(Records from a dataset)

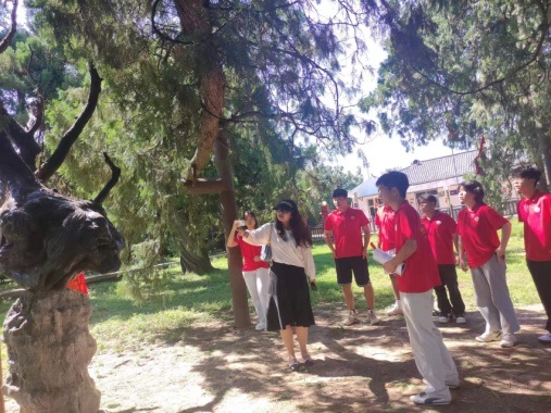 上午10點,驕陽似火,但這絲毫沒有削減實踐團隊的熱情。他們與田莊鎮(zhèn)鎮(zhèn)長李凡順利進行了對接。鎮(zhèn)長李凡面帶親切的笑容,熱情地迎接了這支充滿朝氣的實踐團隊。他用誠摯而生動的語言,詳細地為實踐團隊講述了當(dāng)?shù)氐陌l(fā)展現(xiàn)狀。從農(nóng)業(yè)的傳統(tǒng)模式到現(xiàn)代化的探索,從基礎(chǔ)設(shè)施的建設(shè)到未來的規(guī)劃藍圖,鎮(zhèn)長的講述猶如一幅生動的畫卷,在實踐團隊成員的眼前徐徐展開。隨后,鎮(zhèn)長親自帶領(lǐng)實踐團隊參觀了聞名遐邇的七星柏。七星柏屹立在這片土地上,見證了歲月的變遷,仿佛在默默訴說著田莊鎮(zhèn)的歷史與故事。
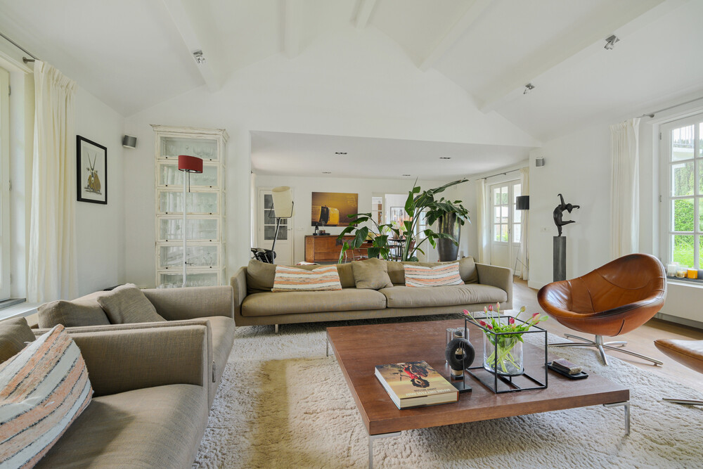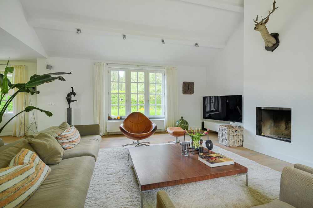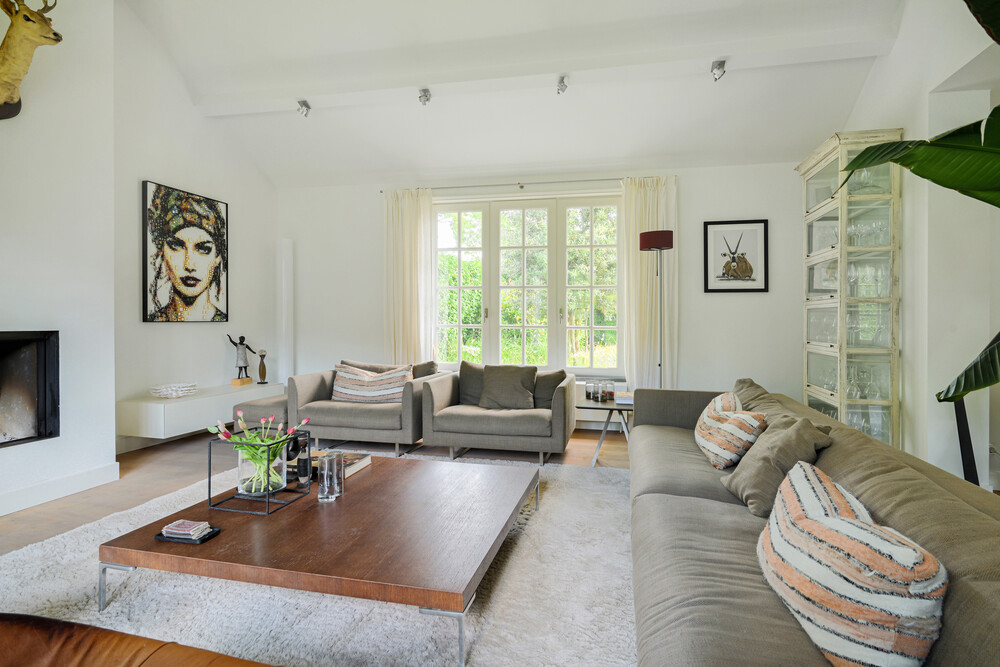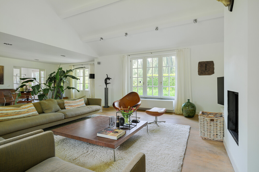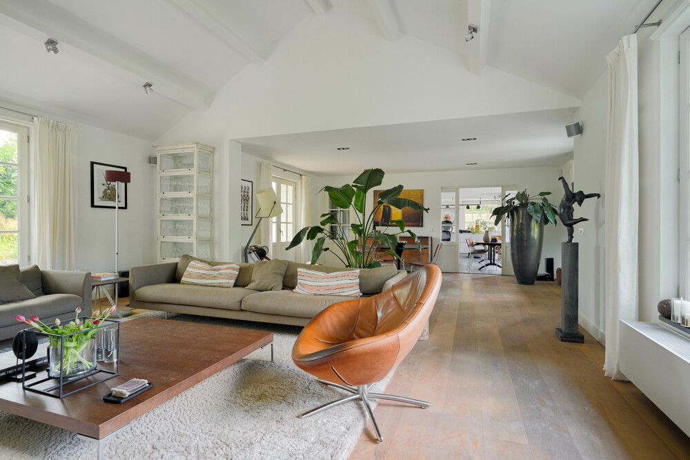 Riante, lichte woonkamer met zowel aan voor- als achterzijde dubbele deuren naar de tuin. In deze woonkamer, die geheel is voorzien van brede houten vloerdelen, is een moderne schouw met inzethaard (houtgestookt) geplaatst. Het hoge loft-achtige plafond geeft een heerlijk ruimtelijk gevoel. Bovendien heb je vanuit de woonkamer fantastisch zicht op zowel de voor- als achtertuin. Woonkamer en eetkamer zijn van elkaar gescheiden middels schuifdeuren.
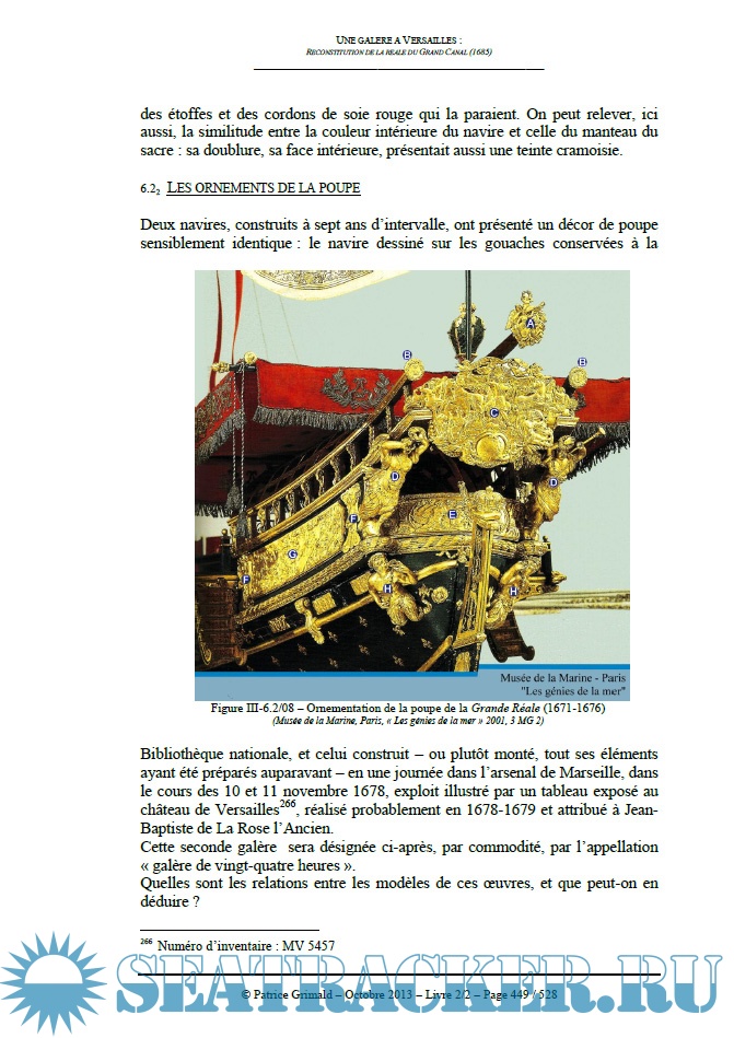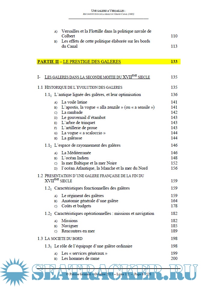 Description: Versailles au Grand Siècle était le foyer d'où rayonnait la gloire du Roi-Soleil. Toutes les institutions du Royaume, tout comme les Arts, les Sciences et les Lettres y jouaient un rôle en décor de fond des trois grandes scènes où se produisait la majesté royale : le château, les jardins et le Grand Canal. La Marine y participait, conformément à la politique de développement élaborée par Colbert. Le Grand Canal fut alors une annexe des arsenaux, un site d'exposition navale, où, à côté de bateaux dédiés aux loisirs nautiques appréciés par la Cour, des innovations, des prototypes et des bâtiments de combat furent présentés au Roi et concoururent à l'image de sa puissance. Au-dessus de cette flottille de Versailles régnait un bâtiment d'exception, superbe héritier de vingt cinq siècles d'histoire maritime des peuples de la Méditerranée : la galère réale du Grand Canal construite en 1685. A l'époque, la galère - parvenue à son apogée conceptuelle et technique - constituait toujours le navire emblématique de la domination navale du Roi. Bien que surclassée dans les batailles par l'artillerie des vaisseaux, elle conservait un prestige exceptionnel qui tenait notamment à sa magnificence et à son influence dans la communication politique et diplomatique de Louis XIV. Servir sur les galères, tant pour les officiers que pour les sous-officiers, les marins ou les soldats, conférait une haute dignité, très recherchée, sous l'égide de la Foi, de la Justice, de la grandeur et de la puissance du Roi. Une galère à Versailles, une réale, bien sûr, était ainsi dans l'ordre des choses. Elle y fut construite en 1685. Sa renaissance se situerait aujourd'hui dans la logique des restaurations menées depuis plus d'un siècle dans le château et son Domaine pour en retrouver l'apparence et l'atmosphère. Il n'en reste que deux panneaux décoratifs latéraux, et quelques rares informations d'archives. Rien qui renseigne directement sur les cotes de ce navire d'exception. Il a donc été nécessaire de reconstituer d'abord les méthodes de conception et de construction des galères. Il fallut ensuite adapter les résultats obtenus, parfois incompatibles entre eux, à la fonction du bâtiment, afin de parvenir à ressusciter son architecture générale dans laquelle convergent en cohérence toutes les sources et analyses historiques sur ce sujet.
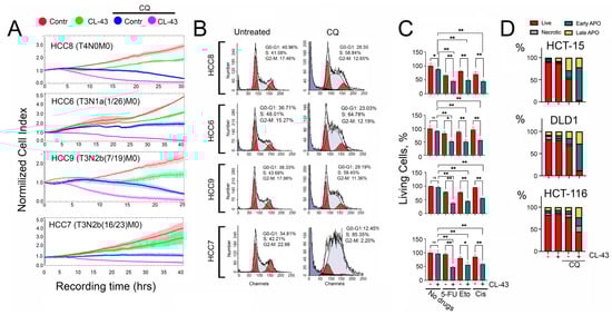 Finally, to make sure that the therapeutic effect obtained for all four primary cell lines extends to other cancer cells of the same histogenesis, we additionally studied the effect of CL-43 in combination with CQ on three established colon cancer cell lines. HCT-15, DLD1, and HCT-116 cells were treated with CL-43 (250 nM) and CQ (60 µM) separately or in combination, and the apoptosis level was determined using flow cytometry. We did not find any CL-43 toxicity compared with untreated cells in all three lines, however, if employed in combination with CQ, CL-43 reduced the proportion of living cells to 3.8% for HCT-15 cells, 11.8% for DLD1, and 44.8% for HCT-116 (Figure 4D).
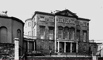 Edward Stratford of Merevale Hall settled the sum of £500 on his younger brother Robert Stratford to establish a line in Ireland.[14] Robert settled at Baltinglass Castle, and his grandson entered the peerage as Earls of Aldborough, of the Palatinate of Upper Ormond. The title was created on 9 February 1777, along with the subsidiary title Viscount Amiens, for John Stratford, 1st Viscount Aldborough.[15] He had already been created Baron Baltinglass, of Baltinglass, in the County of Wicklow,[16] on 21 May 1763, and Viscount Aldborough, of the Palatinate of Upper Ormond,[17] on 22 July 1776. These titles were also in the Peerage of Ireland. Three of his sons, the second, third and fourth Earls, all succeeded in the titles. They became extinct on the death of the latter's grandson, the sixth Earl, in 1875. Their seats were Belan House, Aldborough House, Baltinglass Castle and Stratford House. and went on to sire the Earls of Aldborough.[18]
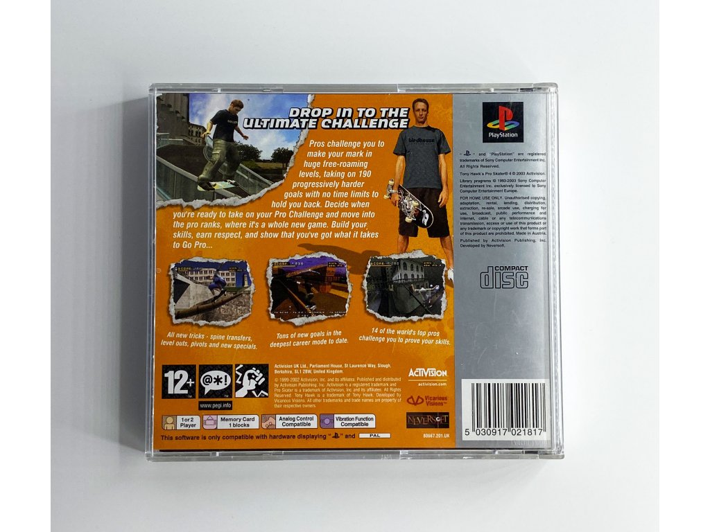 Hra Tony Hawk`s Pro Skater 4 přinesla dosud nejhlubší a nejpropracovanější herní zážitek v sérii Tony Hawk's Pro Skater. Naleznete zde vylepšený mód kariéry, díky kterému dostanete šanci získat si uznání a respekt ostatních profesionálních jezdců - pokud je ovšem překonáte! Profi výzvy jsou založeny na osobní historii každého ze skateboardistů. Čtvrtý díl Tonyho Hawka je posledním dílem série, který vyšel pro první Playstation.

▸ WHAT IS NEEDED
Beginning with the first line of the entries above, repeat each line word for word until the line with "Riante, lichte woonkamer" has been given too. Omit the pictures.

▸ COMPLETED EXERCISE
 上午10點,驕陽似火,但這絲毫沒有削減實踐團隊的熱情。他們與田莊鎮(zhèn)鎮(zhèn)長李凡順利進行了對接。鎮(zhèn)長李凡面帶親切的笑容,熱情地迎接了這支充滿朝氣的實踐團隊。他用誠摯而生動的語言,詳細地為實踐團隊講述了當(dāng)?shù)氐陌l(fā)展現(xiàn)狀。從農(nóng)業(yè)的傳統(tǒng)模式到現(xiàn)代化的探索,從基礎(chǔ)設(shè)施的建設(shè)到未來的規(guī)劃藍圖,鎮(zhèn)長的講述猶如一幅生動的畫卷,在實踐團隊成員的眼前徐徐展開。隨后,鎮(zhèn)長親自帶領(lǐng)實踐團隊參觀了聞名遐邇的七星柏。七星柏屹立在這片土地上,見證了歲月的變遷,仿佛在默默訴說著田莊鎮(zhèn)的歷史與故事。
 Riante, lichte woonkamer met zowel aan voor- als achterzijde dubbele deuren naar de tuin. In deze woonkamer, die geheel is voorzien van brede houten vloerdelen, is een moderne schouw met inzethaard (houtgestookt) geplaatst. Het hoge loft-achtige plafond geeft een heerlijk ruimtelijk gevoel. Bovendien heb je vanuit de woonkamer fantastisch zicht op zowel de voor- als achtertuin. Woonkamer en eetkamer zijn van elkaar gescheiden middels schuifdeuren.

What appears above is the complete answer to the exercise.